Browsing the files in the GitHub web interface

GitHub dangers

Many people worry about sharing their un-finished code in a public repository, or relying on the GitHub service. In practise, there is not much to fear, but there is one significant risk:

Avoid leaking passwords, authentication tokens, and private data into Git. If you ever add such an item to a commit then removing it from the Git history is nearly impossible. Git is designed to never forget! Having good habits about separating your code, configuration and data is the best way to avoid this. For example, if your workflow needs to retrieve data from a server with a user name and password, either pre-fetch the data or, if you must automate acess, then at least put the password into a configuration file outside of the workflow source directory.

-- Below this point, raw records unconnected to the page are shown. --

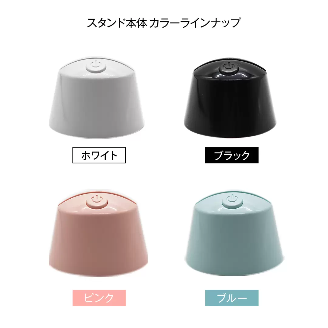 スタンド本体はホワイト・ブラックに加え、別注でピンク・ブルーにも対応。アクリル部分は自由な形状にカット可能で、キャラクターやロゴデザインを際立たせます。
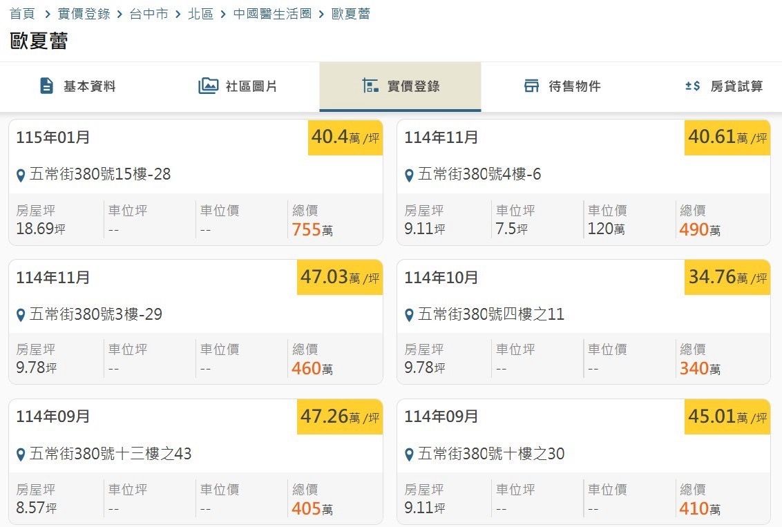 建物門牌: 臺中市北區五常街(歐夏蕾)
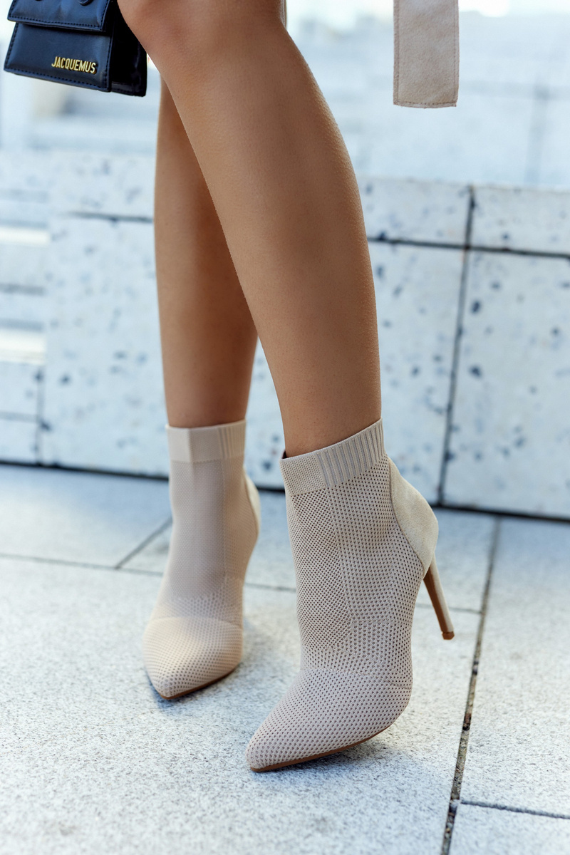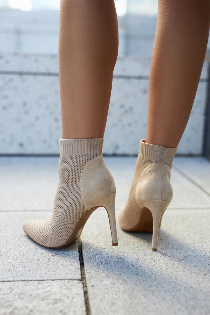 Черевики мають стильний верх щиколотки, схожий на носок. Встановіть на шпильку. Гострий носок ідеально витончить стопу. Модель сліпони, ідеально облягає ногу. Верх виконаний з комбінації еластичного ребристого текстильного матеріалу та екошкіри. Устілка з еко шкіри. Взуття має жорсткий каблук. Ідеально підходить для джинсів, джоггерів або подовжених тунік. При виборі розміру дотримуйтеся таблиці розмірів.
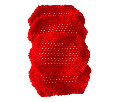 Set of 4 Kitsch Vintage Red White Crochet Placemats Handmade 18" x 12"
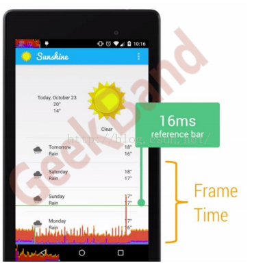 我们要保证这三种柱状图都不超过16ms的那条水平线,才能达到一个流畅的视图。

You may also worry that data on GitHub might be corrupted or lost, but this is less of a worry. The chain of commits on Git is cryptographically signed, so it’s unlikely that code can ever be tampered with. Also, moving code to another Git hosting service, along with the full commit history, is very easy. If you start out using GitHub you can move to an alternative host at any time.

Finally, having your code up on a public repository does allow others to copy from it, but if anyone tries to pass off your the code as their own you have very strong evidence of ownership.